Du willst uns brechen. Es ist das Geschick.
Tu es, doch warte. Tu es nicht jetzt.
Hör uns, wir wissen um dich.
Der Speichel, der deine Zähne benetzt,
Ist träg, eine Krankheit beugt dein Genick.
 
Irr sind viele, roh und feil
Viele der Euern.
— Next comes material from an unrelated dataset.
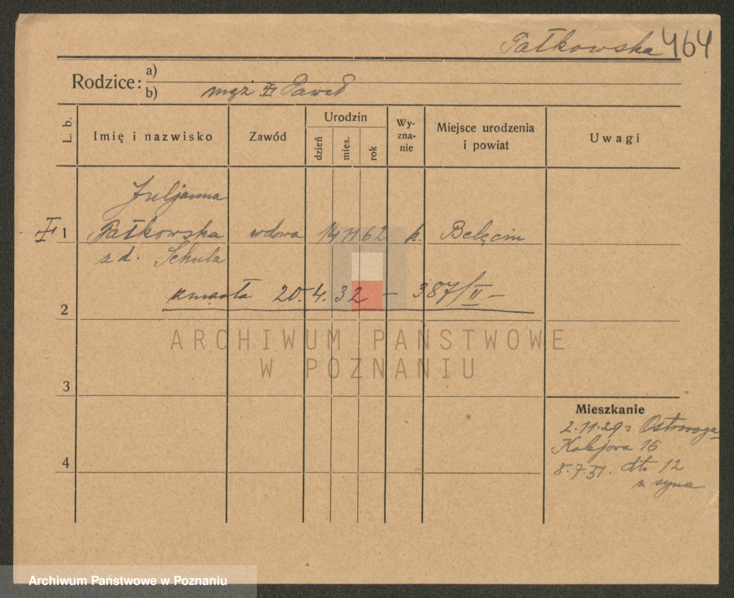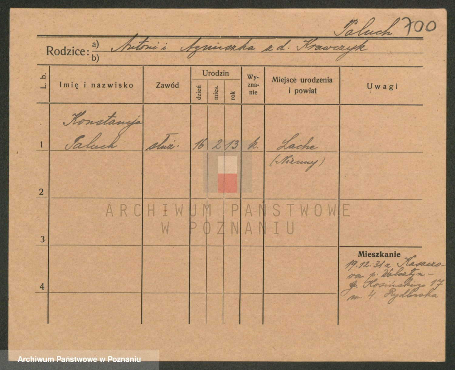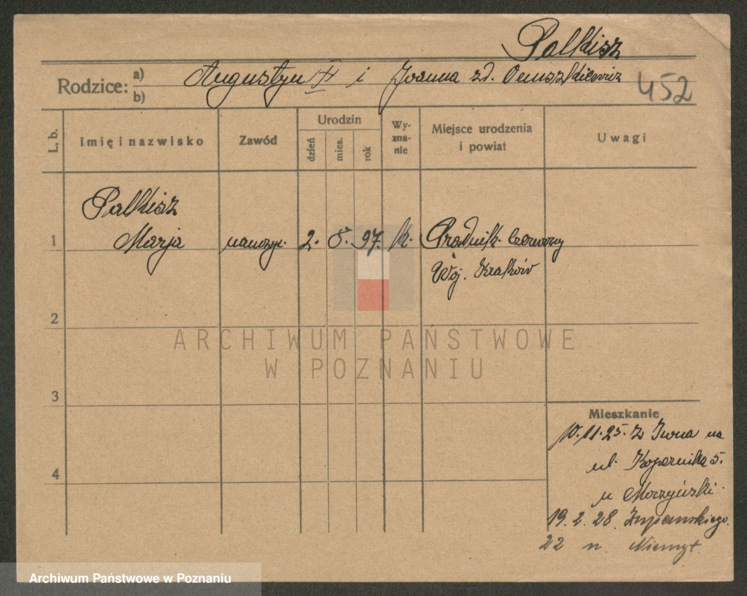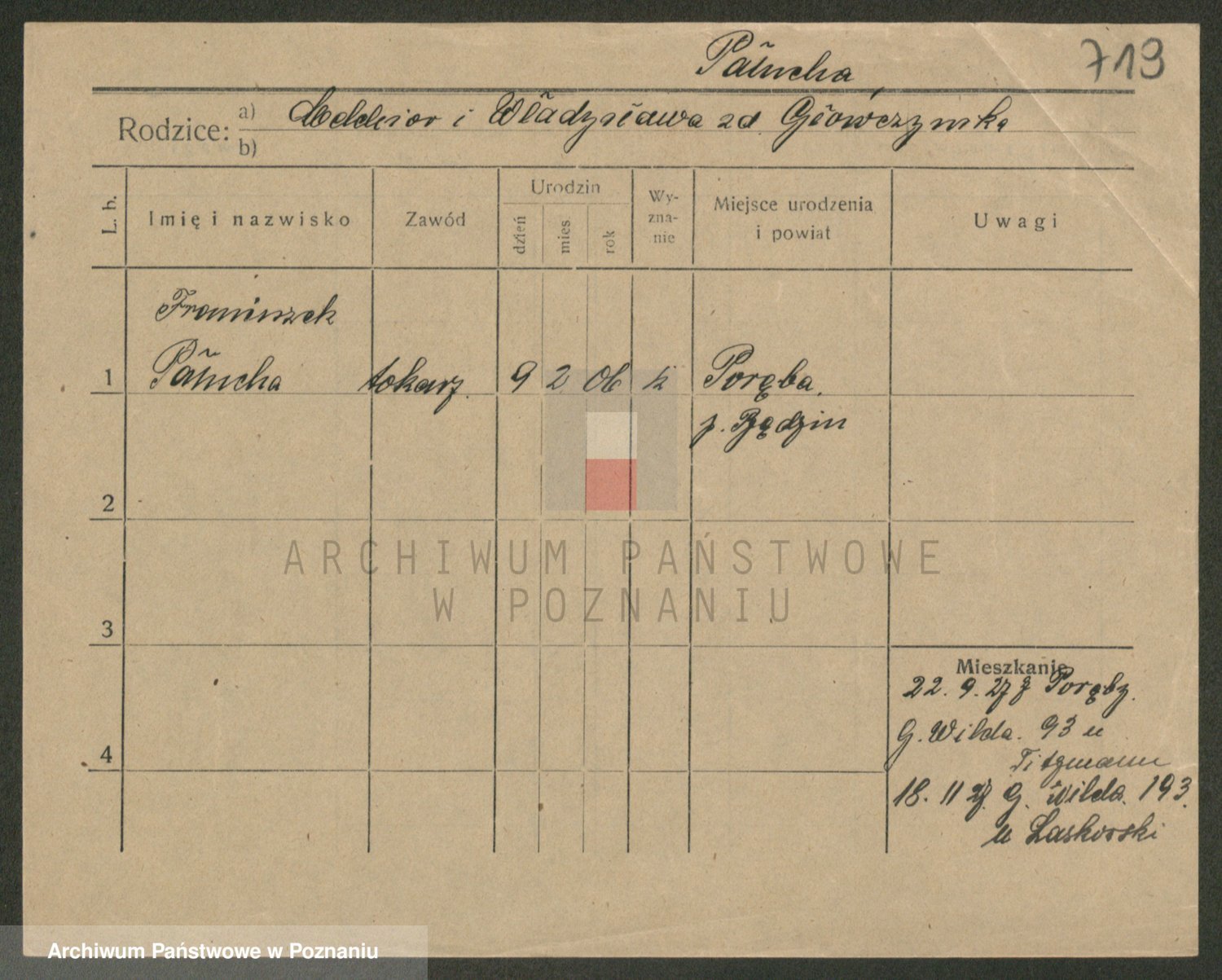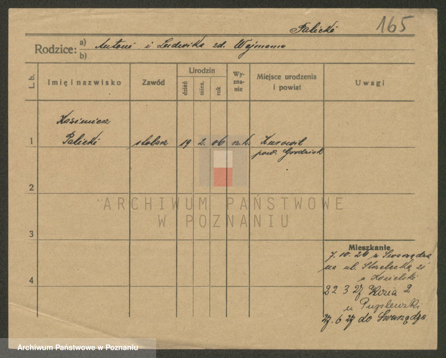 Podgląd karty osobowej dostępny jest po kliknięciu na nazwisko lub ikonkę karty. Można dokonywać powiększenia (ikony na górze) lub przechodzić między kolejnymi skanami (strzałki po bokach).

Der du dein Ohr verschenkst,
Seliger, hör uns, wir wissen.
Und daß die Horde denkt, wie sie denkt,
Schlägt dich am Nacken wie Schlächters Beil.
 
Gib uns, was die Kehle dir schnürt.
Denn wer das hält und gar genießt,
Dem, Öffner, geschieht es,
Daß unsre Weisheit sich vor ihm schließt,
Gekugelt, wie Asseln, die man berührt.
 
Dich quält das Gezücht, das der Engel verstieß:
Nur wenn du willst, verstößt er dich mit.
Tritt über zu uns Nahen!
Es ist kein Weg und selbst kein Schritt,
Wir wuchsen und bleiben im Paradies.
 
Tritt ein und hebe zu zählen an,
Wer bei uns und nicht drüben ist,
Bei Unholden wertlos.
Und wie du beim Zählen dein Ende vergißt,
Du zählst noch, wenn das Sternall zerrann.
 
Ein schlafloser Glanz ruft es wieder herbei,
Jeden Stengel, jeden Stamm,
Im Zwang seiner Freiheit,
Jeden Huf und Hahnenkamm –
Sein Tag ist frei, seine Nacht ist frei.
 
Und wenn der Glanz die Verworfnen trifft,
Vielleicht fällt ihm dein Jammer ein –
Ja viele, vieler der Euren!
Doch sind sie am Leibe der Menschheit klein,
Nicht mehr als am Leibe der Schlange das Gift.
 
Die Schlange ist unermeßlich groß,
Ihr Schweif ist tief in den Tot getaucht,
Das macht sie wissend.
Und in den künftigen Sternen raucht
Ihr Maul und züngelt, doch wagt nicht den Stoß.
 
Wie Sensen ein Wille, der nicht schreit!
Wenn er auf leisen Füßen geht
Ihr gegenüber, nenn ihn nicht jenseits,
Nicht, wenn er aus Nebelspuk Sonnen dreht
Im  Grenzland an der Ewigkeit. –
 
Nun brich uns, es taut bald, fürchte dich nicht.
Auch dir fällt ein Tau, den dein Auge nicht sieht.
Und ists einmal, daß eine Schlange
Vor dir durch warme Blumen flieht,
Gedenke deiner und fürchte dich nicht.